5. Les corticoïdes sur la peau sont-ils dangereux ?

– Les dermocorticoïdes sont très efficaces sur l'inflammation, les démangeaisons, l'insomnie, donc ils optimisent la qualité de vie du petit eczémateux.
– Il peut être licite de craindre les corticoïdes par la bouche (per os), qui sont généralement donnés dans l'urgence. Mais les dermocorticoïdes n'ont pas les effets secondaires (sur la croissance, sur les os, le poids...) de la cortisone per os. Mis sur une peau lésée, ils sont rapidement dégradés. Ils sont appliqués une fois par jour, et la quantité utilisée va diminuer au fur et à mesure que les lésions diminuent, ainsi leur sevrage sera progressif.
– Ils n'ont pas la prétention de guérir une maladie génétique, mais ils la rendent supportable en jugulant les poussées inflammatoires et en hâtant leur disparition. Ne pas oublier d'en appliquer à nouveau dès la rechute.
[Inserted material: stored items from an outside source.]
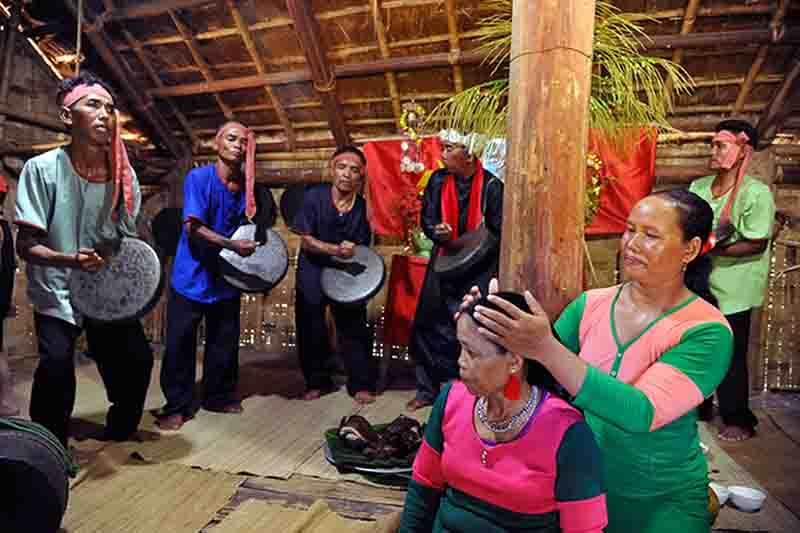 En la ceremonia de agradecimiento a los padres, la etnia Raglai ora a sus ancestros para bendecir al pueblo y la familia con paz y abundantes cosechas. Al cierre del ritual, empieza la parte festiva. La familia y los invitados se mezclan con las actuaciones de ma la (un instrumento musical tradicional), cantan y bailan deseando suerte y éxito a todos.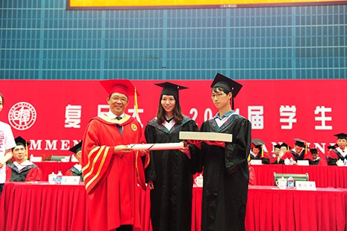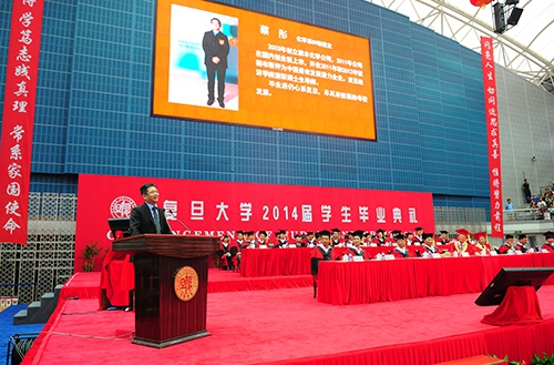 当天,按照复旦的传统,在主席台第一排就坐的依然是部分来自文、理、医各个学科的知名学者、院士、教学名师代表。主席台两侧,高悬着这样一幅对联:“绚丽青春,博学笃志践真理,常系国家;闪亮人生,切问近思求真善,惟将努力”。毕业典礼由常务副校长陈晓漫主持。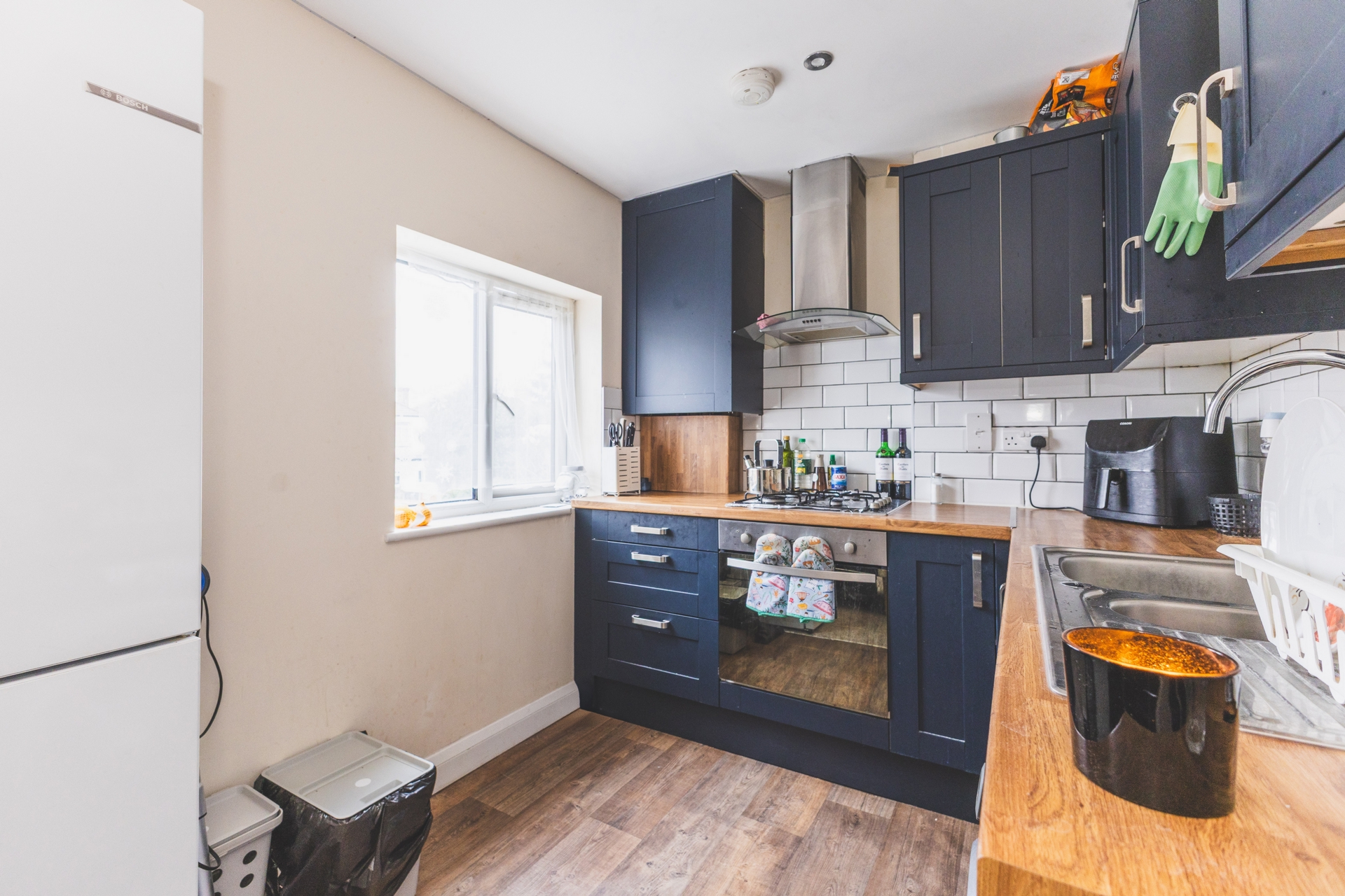 On entering the property, stairs lead you to the first-floor landing, which gives you access to all rooms. The open plan lounge/diner kitchen is located to the rear of the property, it is light and bright and offers generous living space. The kitchen is fitted with a range of base and eye level units with work surfaces. it benefits a fitted electric oven, hob and cooker hood, with spaces for further appliances. The bedroom is a fantastic size, featuring a bay window allowing in plenty of natural light. The room can comfortably a king size bed with plenty of space left for other free-standing furniture. The family bathroom has been refitted; it now compromises a white three-piece suite all set against stylish tiling. A window allows for plenty of light and ventilation.
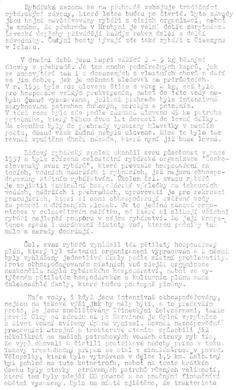 Vážení čtenáři těchto stránek. V roce 2010 naše MO ČRS Český Těšín dosáhlo významného jubilea a to 125. výročí vzniku rybářství na Těšínsku. Proto jsme se rozhodli, že Vám zpřístupníme Kroniku MO Český Těšín. Starší si zavzpomínají, mladší si rozšíří obzory.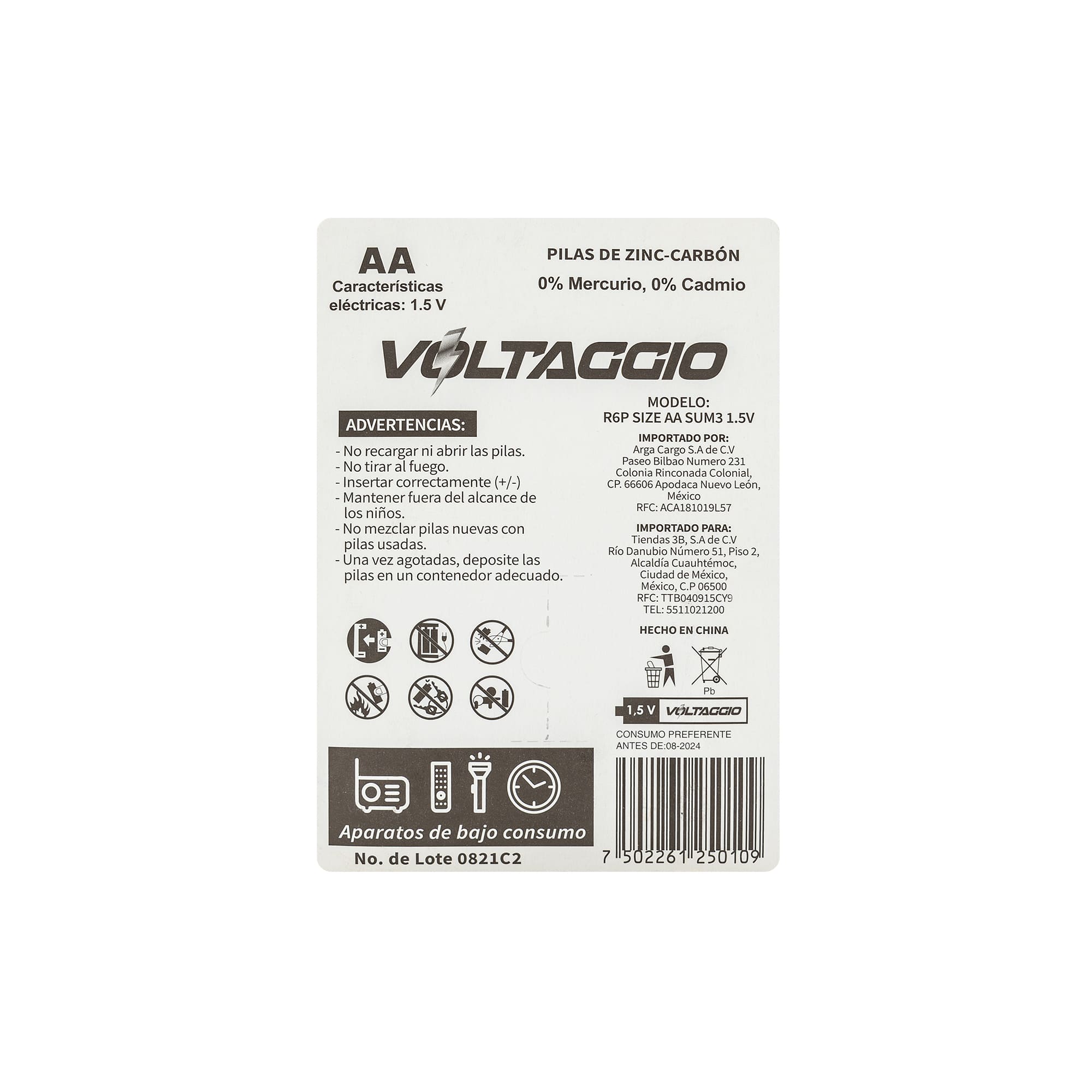 Potencia tus dispositivos con el pack de 4 pilas AA alcalinas Voltaggio. Perfectas para controles de videojuegos y electrónicos inalámbricos, estas pilas de 1.5V ofrecen un rendimiento confiable. Su diseño cilíndrico asegura un ajuste perfecto en cualquier aparato. Recuerda no mezclar pilas nuevas con usadas y mantenerlas fuera del alcance de los niños. Con una vida útil prolongada, son la opción ideal para quienes buscan calidad y seguridad. ¡No te quedes sin energía en tus momentos de diversión!

6. Quels sont les rapports entre eczéma et autres maladies allergiques ?

– Le risque évolutif de l'eczéma est de développer une maladie comme l'asthme ou le rhume des foins ; dans les livres, on parle de la marche de l'atopie. Elle s'effectue lorsque l'enfant devient intolérant (on dit allergique) aux aéroallergènes (acariens, pollens, animaux...). Il faut donc faire attention à son environnement, aux animaux domestiques, surtout à la fumée de tabac, hautement favorisante.
– On évoquera l'asthme :
• si l'enfant tousse souvent, surtout la nuit, à l'effort, au moindre rhume ;
• s'il s'essouffle facilement à l'effort, au sport ;
• si l'on perçoit une respiration sifflante.
– C'est dans la population des enfants porteurs d'eczéma que l'on peut trouver le plus d'allergiques alimentaires. Mais l'eczéma n'est pas dû à une allergie alimentaire. Ne pas faire de raisonnement « circulaire ».

7. Quelle est l'évolution de la maladie ?

– Selon les données épidémiologiques, 15 à 20 % des nourrissons sont porteurs d'eczéma ou d'une peau sèche mais, dans 80 % des cas, la dermatite va guérir en 3 à 6 ans. C'est aussi notre expérience.
– Même plus tard, pour des raisons diverses, la maladie peut disparaître (changement de vie, de lieu, de métier).
– Cependant, si l'enfant s'est sensibilisé, cette sensibilisation va rester (allergie respiratoire, par exemple), mais elle se traitera.

8. En conclusion, Docteur ?
– L'eczéma, ou DA, est une maladie de la peau, il faut traiter la peau.
– Les émollients sont le traitement de la peau sèche (xérose), mais les dermocorticoïdes traitent les poussées inflammatoires. Leur efficacité est remarquable depuis des dizaines d'années, leur prescription obéit à des règles, leur phobie est insupportable... pour l'enfant qui en est privé.